This study presents the development of an innovative methodology to optimize phasing plans of airport expansion projects to minimize construction-related disruptions in airport operations and project construction cost. This methodology integrates a machine learning model to predict the impact of generated phasing plans on flights ground movement time during construction, and a multi-objective genetic algorithms optimization model to identify optimal construction phasing plans for airport expansion projects. An airport expansion case study is analyzed to demonstrate the capabilities of the developed models. The results of this analysis confirm the original contributions of the novel methodology in predicting the impact of alternative construction phasing plans on flights ground movement time without the need for repetitive and time-consuming simulations, quantifying and optimizing the impact of alternative construction phasing plans on airport operations disruption cost and project construction cost, and generating detailed optimum phasing plans for airport expansion projects.

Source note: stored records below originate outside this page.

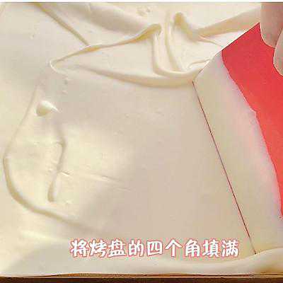 27、出炉后晾凉,将打发好的淡奶油在蛋糕坯表面抹平整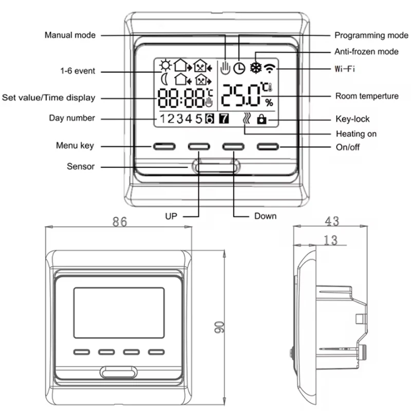 1X3 미터 외부 센서 (전기 바닥 난방 16A 온도 조절기 만 포함)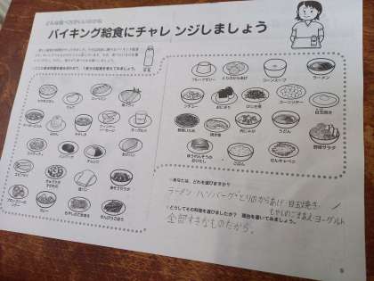 栄養指導(6年) (10月5日) 公開日 2022/10/05 更新日 2022/10/05 お知らせ 今日は6年(1組)で栄養指導が行われました。 プリント上に描かれたたくさんの料理の中から、自分でメニューを決めていく「バイキング給食」を子どもたちは体験しました。 そこで自分の選んだメニューは、はたして栄養バランス的にどうなのか考えていきます。 いいね(0)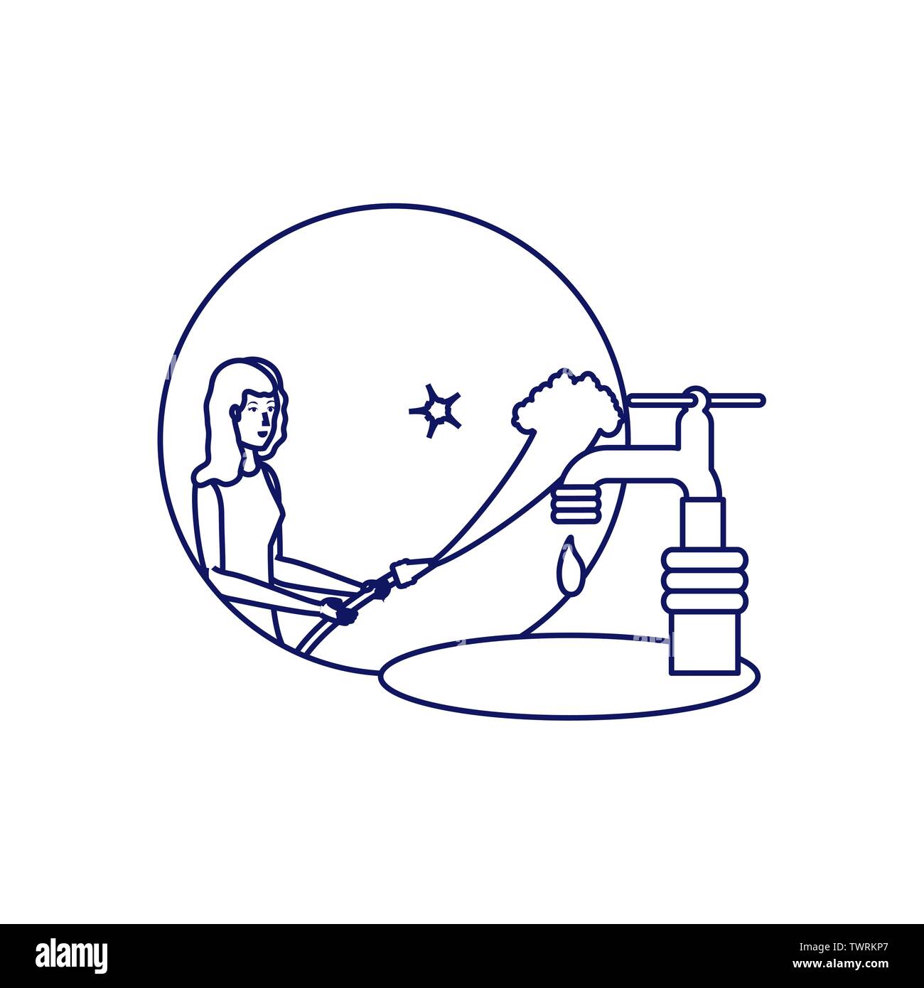 Mujer Caricatura Y Diseno De Limpieza Trabajo A Domicilio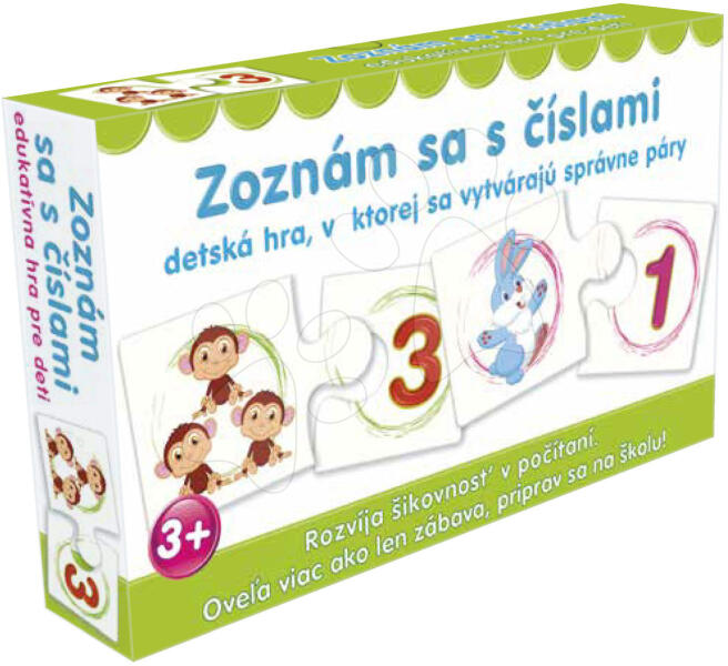 Párosító társasjáték Ismerkedj a számokkal a neves Dohány gyártó műhelyéből hosszantartó szórakozást visz fiúk és lányok életébe már 3 éves kortól. A játék célja a megfelelő képpárok megtalálása , jelen esetben állatok és számok összekapcsolása. Az egyes ábrákkal ellátott fehér kártyák úgy illeszkednek egymásba, mint a puzzle darabjai. Az oktatójáték

These novel capabilities are expected to enable planners improving cost-effectiveness of airports during expansion projects while minimizing construction cost.

Suggested Citation

  • Al-Ghzawi, Mamdouh & El-Rayes, Khaled, 2024. "Machine learning and multi-objective optimization methodology for planning construction phases of airport expansion projects," Journal of Air Transport Management, Elsevier, vol. 115(C).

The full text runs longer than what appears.